Y Antonio Pascual, nacido en 1757.
Eso, por dejar fuera a las infantas María Josefa
Carmela y María Luisa, únicas que sobrevivieron a la infancia, durante la que
fallecieron cinco de sus hermanas, aunque según la legislación vigente en aquel
momento que estaba recogida en la Ley de Sucesión Fundamental, que promulgó
Felipe V, las mujeres podían reinar pero solamente si no había hijos, hermanos
o sobrinos del rey fallecido.
Evidentemente no era una familia que gozara de buena
salud y en la que, además, hubo que alejar de la línea sucesoria al primer
varón, Felipe Antonio, que era deficiente mental.
El rompecabezas de Aranda se completaba con el
compromiso de que los nuevos reyes de los tres nuevos países deberían casarse
con infantas españolas, juramentándose entre todos para seguir esta norma que a
la larga conseguiría una unión muy fuerte entre los cuatro reinos y las
familias en el poder.
Pero sobre todo, el conde de Aranda incidía que esta
fórmula sería capaz de calmar los alborotados ánimos de los habitantes de las
colonias, tanto si eran españoles de nacimiento, como nacidos en el Nuevo
Continente, o nativo de aquellas zonas, pues no era casualidad que todos
estuvieran muy a disgusto con la situación que se atravesaba y con las
condiciones en las que se vivía, sintiéndose permanentemente explotados por la
metrópoli, por el gobierno de los virreinatos o por los encomenderos.

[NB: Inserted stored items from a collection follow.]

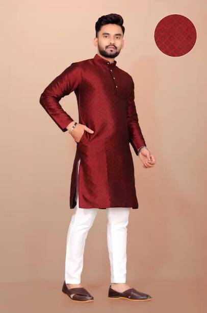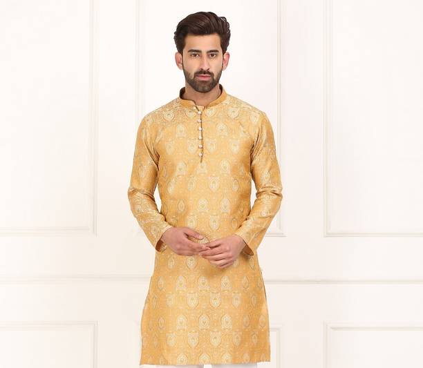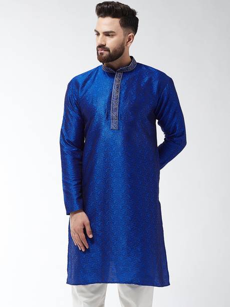 Show off your ethnic fashion sense in style with an impressive designer kurta for men. The traditional kurtas have been a constant cultural staple. The sleek finishing and the minute details can come in handy to create a mix-and-match look. You can now choose from numerous patterns with online shopping, like Paithani, front slit, flared, high low, straight, asymmetric, etc. The length preferred can be selected from ankle-length, calf-length, hip-length, below the knee, above the knee, etc. Moreover, there are various patterns available, such as tribal, bandhani, abstract, floral, embellished, chequered, printed, geometric print, ikat, kalamkari, leheriya, etc. Scroll through the trendy designs and choose according to the occasion, whether a wedding, casual event, party, festival, or more. The attractive kurtas can be teamed with matching footwear and suitable bottom-wear options for a traditional look wherever you go. Make sure to check whether any offers are available and opt for the best-suited kurtas for you at varied price ranges. Brands like Dimmy, Tibra Collection, Fubar, Balkrishna Creation, Allan Peter, and others have a wide range of designer kurta options that you can buy online. Provide a suitable delivery address and get the latest ethnic wear options of your choice delivered right to your doorstep. The information you are reading has been last updated on 08-Oct-25.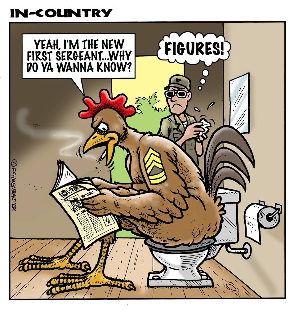 Phil enlisted in the Army in 1965 where he served for years in Vietnam. He became a graphic designer and has worked for the state of Oregon for 26 years. He retired in 2003 and started the Cartoon "In-Country". The cartoons reflect his experiences during his tour of duty in South Vietnam.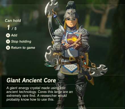 A crafting item used to make or upgrade Ancient weapons and shield. Giant ancient cores are one of the hardest items to obtain in Breath of the Wild but also pretty essential for acquiring and upgrading important weapons and armourThis post explains one reasonably fool-proof and safe way to farm them. Methods of Farming Giant Ancient Cores The fastest way to find Giant Ancient Cores is to seek out Guardian Stalkers and get them as drops.
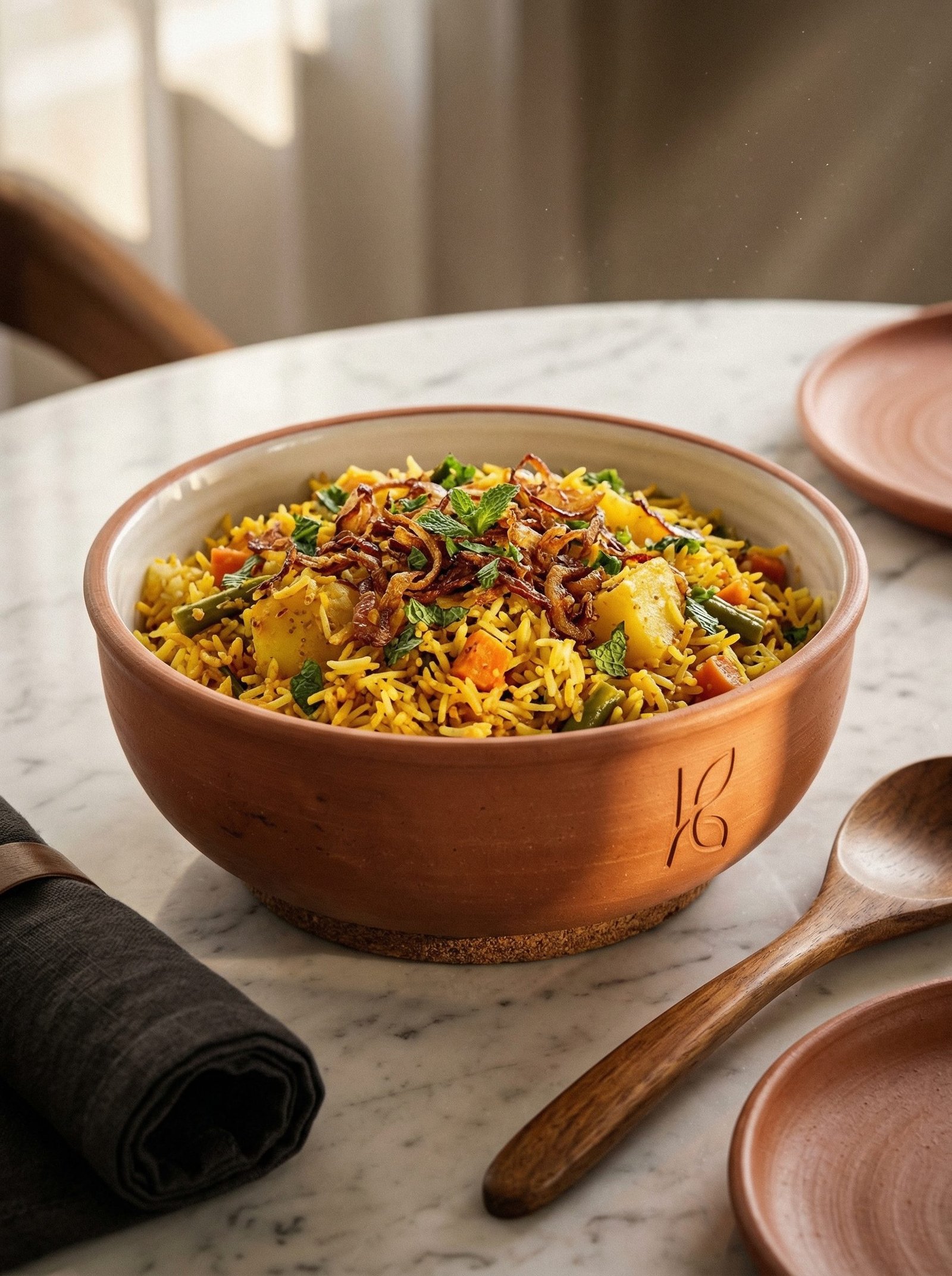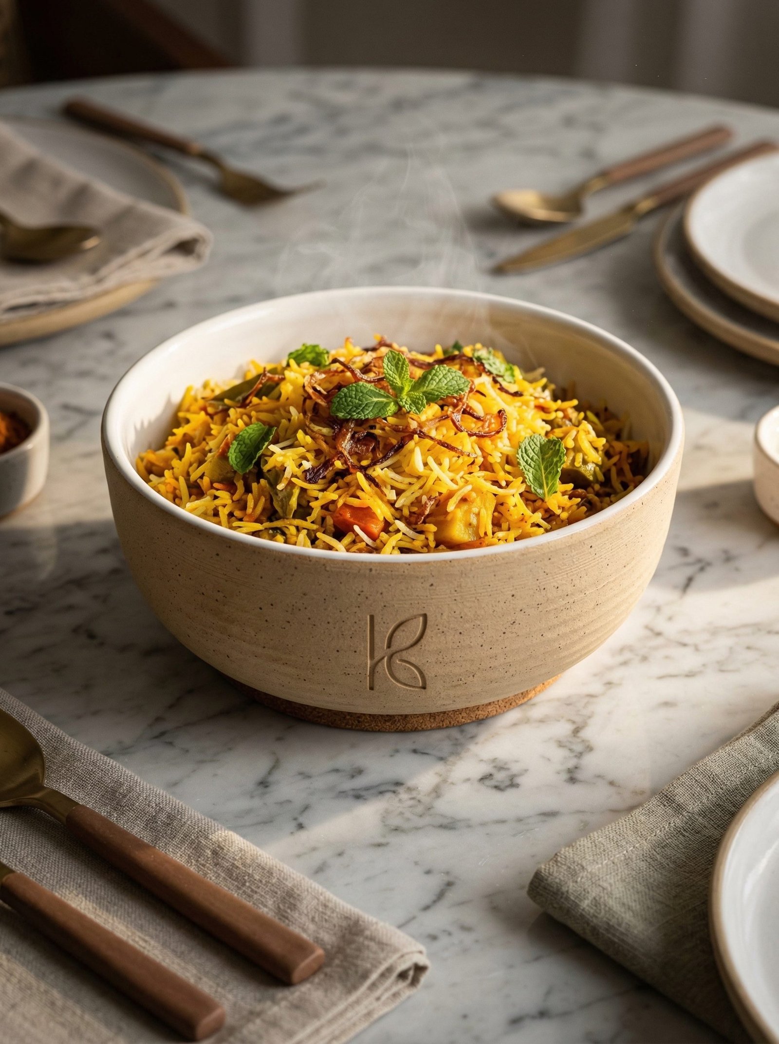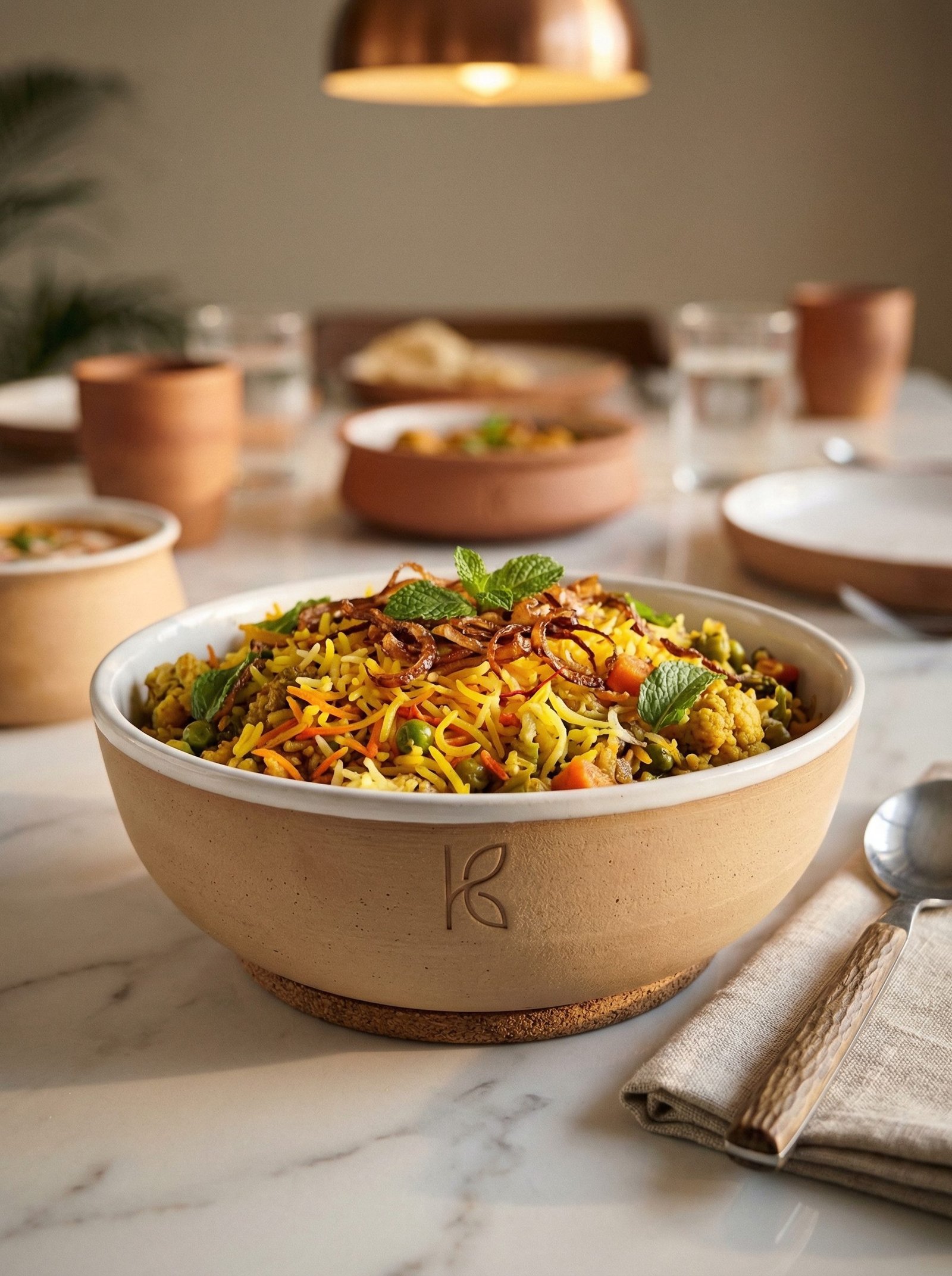 At 1L, the serving bowl is large enough to sit at the centre of the dining table as the main serving vessel, not just as a side bowl. When filled with dal makhani for four people and placed on the table, it reads as intentional — a vessel that was chosen, not inherited. The 1L bowl is also the right size for the traditional Indian serving sequence where the main dal or sabzi is placed centrally and people ladle from it into their thalis. The wide, open mouth allows easy ladling without spilling; the Bone Kaolin interior allows the food’s colour to show clearly so you can see what you are serving.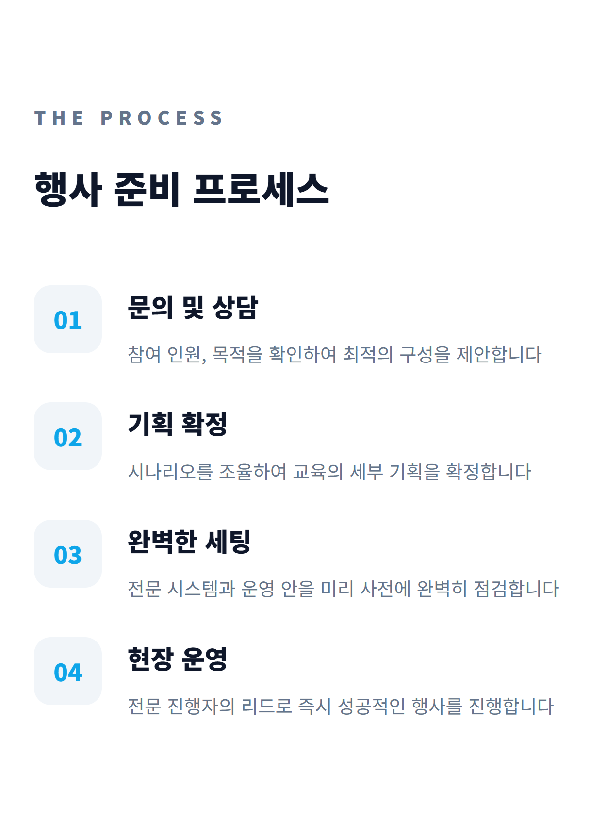 행사일 기준 30일 이전 취소 시 : 취소 수수료 없음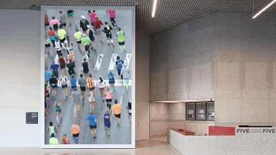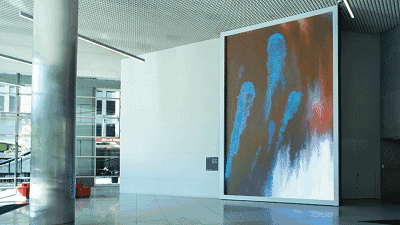 从具象的城市生活片段不断地过渡到抽象,然后又回到具象、清晰的视频图像。不仅给首层大厅创造了全新的体验,吸引每一位进入大厅的人驻足欣赏,同时从街道上透过建筑物的玻璃立面便能看到高耸的装置,也赋予了这座城市新的艺术活力。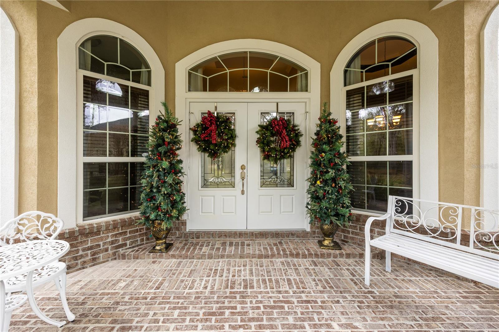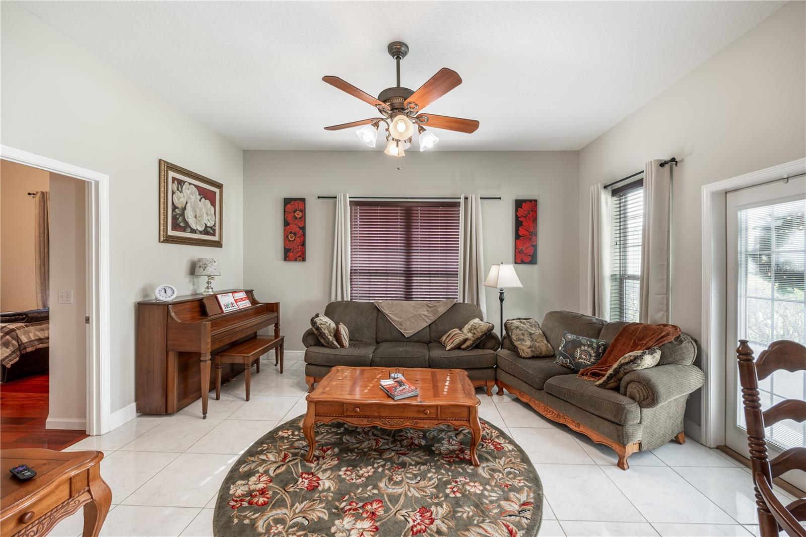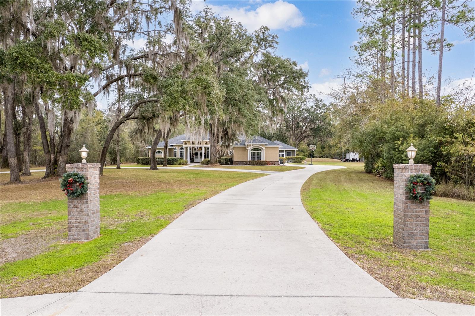 Tucked at the end of a quiet private cul-de-sac, this spacious estate offers room to live, entertain, and unwind on 4 picturesque acres—about half of which are already cleared. Deer frequently wander through the property, enhancing the peaceful, natural atmosphere. The main home includes 3 bedrooms plus an office and 3 baths, highlighted by 12-foot ceilings, a gas fireplace, and a surround-sound system with built-in acoustic panels. The primary suite stands out with a rare his-and-her configuration featuring two sinks, two toilets, two closets, and dual entrances to an oversized shower. For those who need ample storage or workspace, the property delivers: a 3-car garage plus an additional garage that can serve the apartment or function as a workshop, complete with its own half bath. Outside, a 40' x 16' RV pole barn with 50-amp service makes travel preparation effortless. Hardwood and tile flooring run throughout, and both kitchens and all baths feature all-wood custom cabinetry and solid-surface countertops. A standout feature is one of the largest screened porches in the county—an ideal place to relax beneath the shade of beautiful Live Oaks. This property offers a rare blend of privacy, practicality, and comfort, perfect for anyone seeking space, flexibility, and a serene country setting.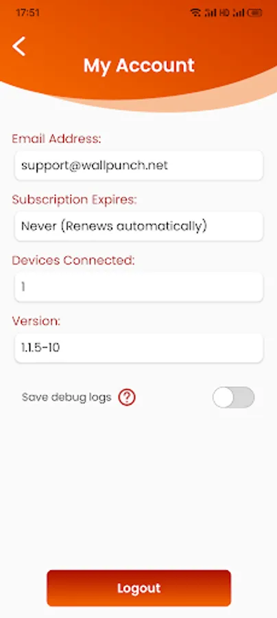 Just log in with your email address and password, and tap "START". If you have any problems connecting, send us a message using in-app Live Chat or email us at support@wallpunch.net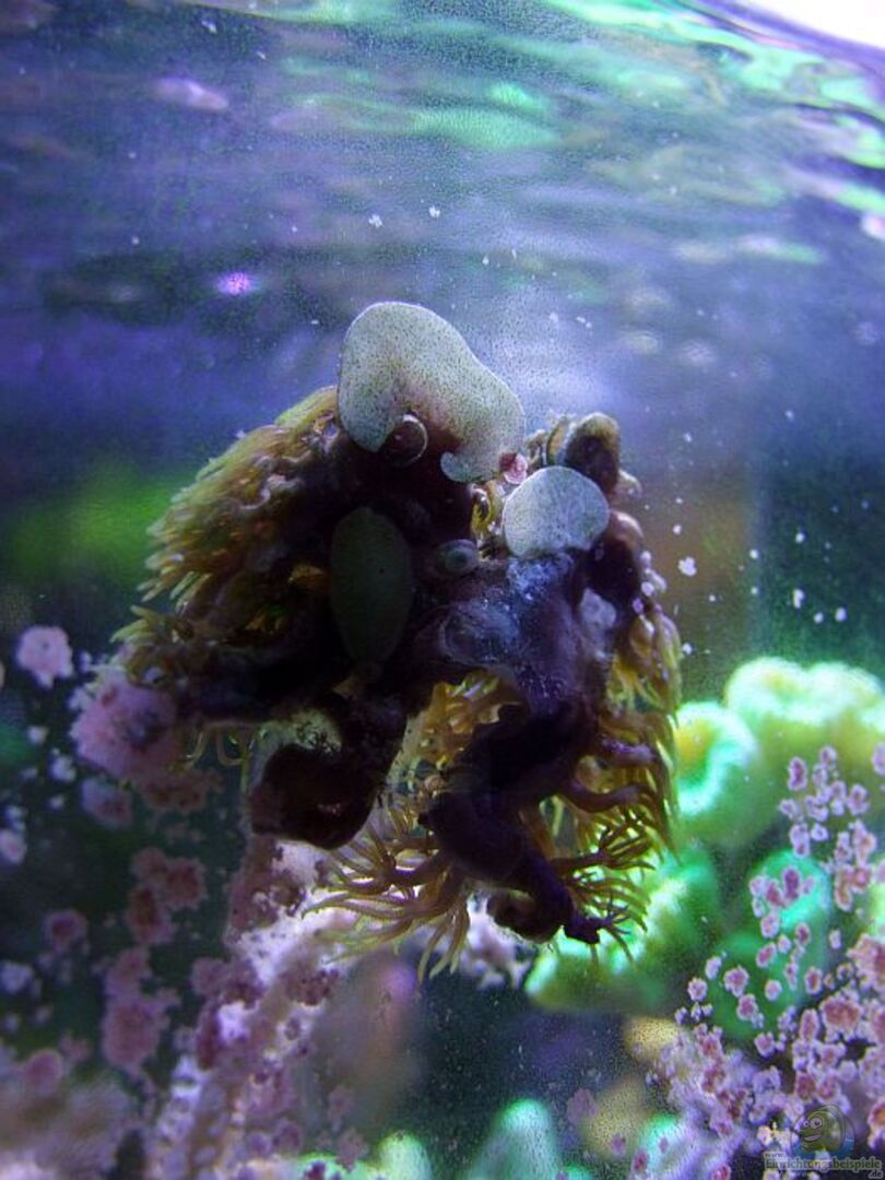 Korallen: * Zoanthus sp., unterschiedliche Färbungen. Erst nach dem zweiten Versuch klappte das Einbringen! Beim ersten mal wunderte ich mich, dass die Polypen nach und nach verschwanden... bis ich eine Heliacos-Schnecke absammelte und vor allem die dunkelgrauen Asterinas mehrfach beim gemütlichen Mampfen erwischte. Ich war mir nicht sicher, ob die kleinen Seesternchen nicht einfach nur die Gunst der Stunde nutzten und das Werk der Schnecke vollendeten- sprich, nur an bereits angeschlagenen Polypen [...]

Lamentablemente este plan, con el que se hubiera
podido atajar la debacle en la que devinieron las Colonias muy poco tiempo después,
no fue solamente rechazado por la corona y los malos consejeros que rodeaban al
rey Carlos III, sino que a la larga, vino en señalar a Aranda como poco
patriota e incluso traidor, lo que provocó su destitución.
No estaba tan descaminado el conde porque años
después de su independencia, Méjico llegó a ofrecer la corona del inmenso
imperio Mejicano a Fernando VII, rey de España o cualquier príncipe de la casa
de Borbón.
Pero de manera incomprensible el rey que de “El
Deseado” pasó a ser “El rey Felón”, despreció el ofrecimiento, lo que provocó
que en Méjico se coronara, aunque de manera fugaz, a Agustín Itúrbide, artífice
de la independencia y presidente del primer gobierno provisional, el cual
abdicó meses después dando paso a la República Federal.
Nunca se consideró Aranda ni iluminado ni profético,
solamente un hombre sensato, inteligente y muy culto, al que sus contemporáneos
envidiaban o admiraban y que junto con grandes amigos, tenía también poderosos
enemigos.
De toda esta historia sacamos la conclusión de que el
conde se adelantó al futuro porque cien años después, lo que él vaticinaba,
había ocurrido sobradamente: perdimos todas las posesiones, los Estados Unidos
se convirtieron en una gran potencia que arrebató inmensos territorios a Méjico
y no era casualidad que nuestra última posesión fuera la isla de Cuba, que
también perdimos en 1898.
Ciertamente la figura de Aranda es muy controvertida y creo que más bien cabria decir aquello de que "en el pais de los ciegos el tuerto es el rey".